So there you can see that I need to passtrough the 25:00.0 PCI device.

Then the vm config (not modified for passtrough, since it crashes if I do so) is the following;

Code:
agent: 1
args: -cpu 'host,+kvm_pv_unhalt,hv_vendor_id=NV43FIX,kvm=off'
balloon: 0
bootdisk: ide0
cores: 4
cpu: host,hidden=1,flags=+pcid
ide0: vm_storage:vm-108-disk-0,size=100G,ssd=1
ide1: zfs1:vm-108-disk-0,backup=0,size=1000G,ssd=1
memory: 10240
name: windows-2019
net0: e1000=96:C4:25:49:DA:D9,bridge=vmbr0,firewall=1
numa: 0
onboot: 1
ostype: win10
scsihw: virtio-scsi-pci
smbios1: uuid=11ee9edc-2d44-4783-b984-3ca140872535
sockets: 2
startup: order=1
usb0: host=2516:0051,usb3=1
vmgenid: c9afd214-228b-4ddc-8ee6-1442b89e39c3

As you can see, I have an USB passtrough, that works just fine. The args and CPU flags give me a (I think) desired outcome to have the vm "think" that there is no vm here, but that it runs just on bare metal. I get the CPU specs as intended.

GhM4302.png
 
I just went through what you’re dealing with. Similar seteup, same issues. And resolved all of them. Proxmox just uses qemu, so mostly this involves making the right qemu settings in your vm .conf and critically, in your uefi.

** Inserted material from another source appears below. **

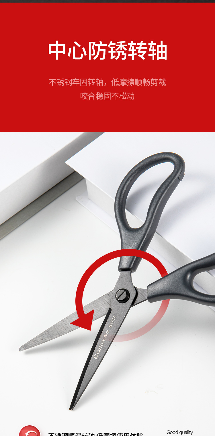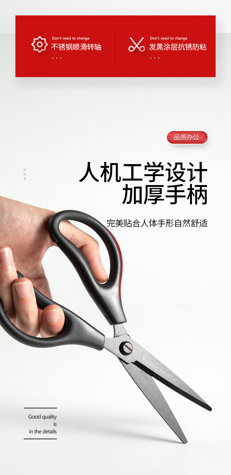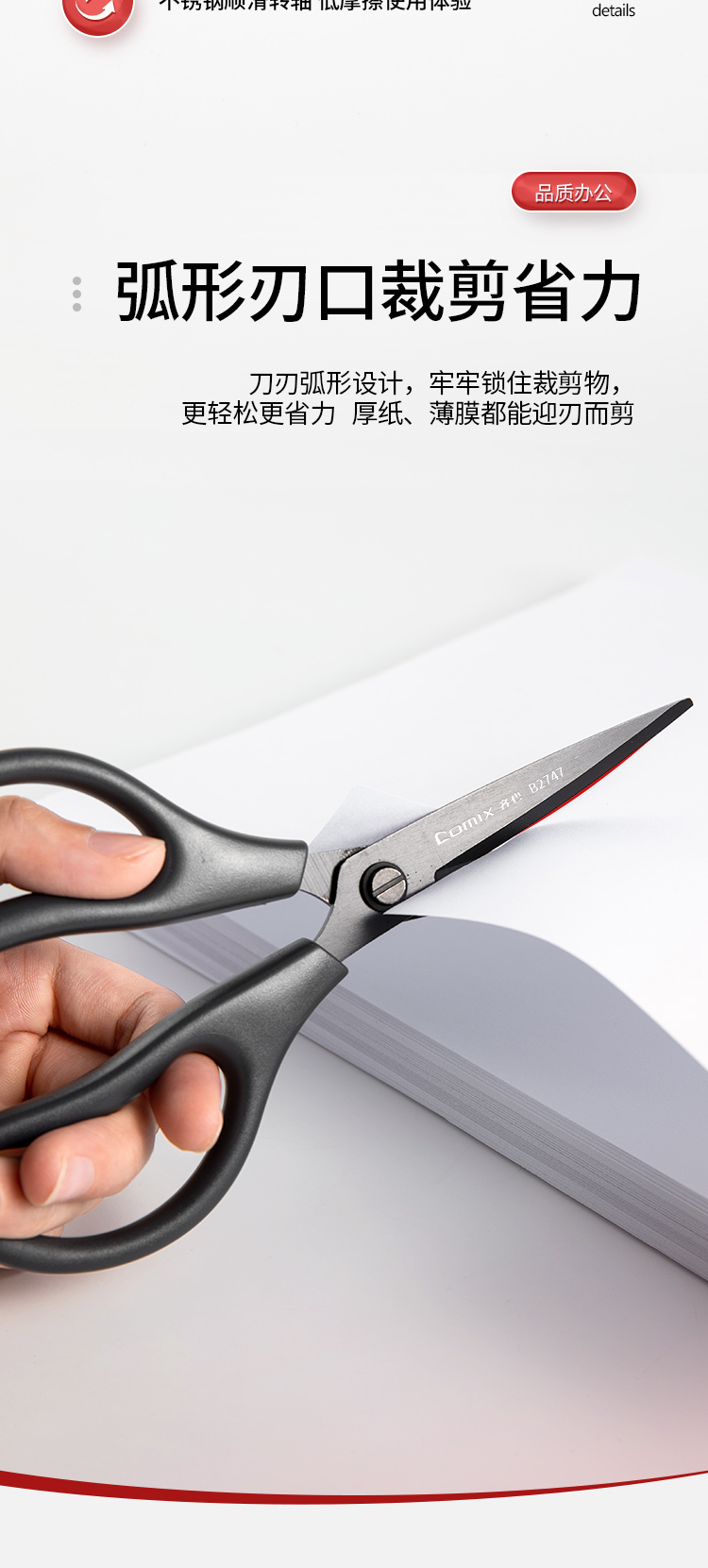 齐心黑刃剪刀 180mm 大号防锈耐磨剪刀 1把

This blog helped tremendously: https://heiko-sieger.info/running-windows-10-on-linux-using-kvm-with-vga-passthrough/#comment-125
Most of the stuff mentioned in the article should be irrelevant for PVE, as we do it automatically anyway.

Hi,

Okay, so I didn't know if I gave enough information and what would be usefull, but the dmesg output is the following:
What I meant was the IOMMU grouping, i.e. the output of find /sys/kernel/iommu_groups/ -type l. Your GPU device should be in it's own group, but the log you posted first makes it seem to me as if it shares a group with your SATA controller - thus breaking your disk access everytime you try to pass it through.
 
Most of the stuff mentioned in the article should be irrelevant for PVE, as we do it automatically anyway.

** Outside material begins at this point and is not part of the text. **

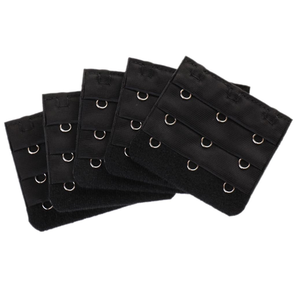5pcs Elastic Bra Strap Extension Bra Extenders 3x 3 Hook Black

Right, most of that article should be ignored for GPU passthrough in Proxmox, but it provides additional info about qemu + troubleshooting + win10 tuning than the Proxmox article.

OP, I noticed that your vm .conf did not show machine: q35. I believe you will be better off with this, but maybe Stefan_R can comment. Also, which BIOS are you using for the guest? Ideally, OVMF should be used.

For your host UEFI, check these:
  • Upgrade your UEFI to the latest, but google first to make sure the latest doesn't introduce any SVM, ACS, or IMMOU bugs.
  • Enable ACS in UEFI
  • Enable PCIe ARI (I also enabled ARI Enumeration, but couldn't find info on what it does)
  • Don't rely on "Auto" setting in UEFI. Set these to Enabled.
If these don't separate your VGAs into their own IMMOU groups, try moving the GPU that is in the SATA group to a different physical PCI slot on your motherboard. That may give it its own IMMOU group.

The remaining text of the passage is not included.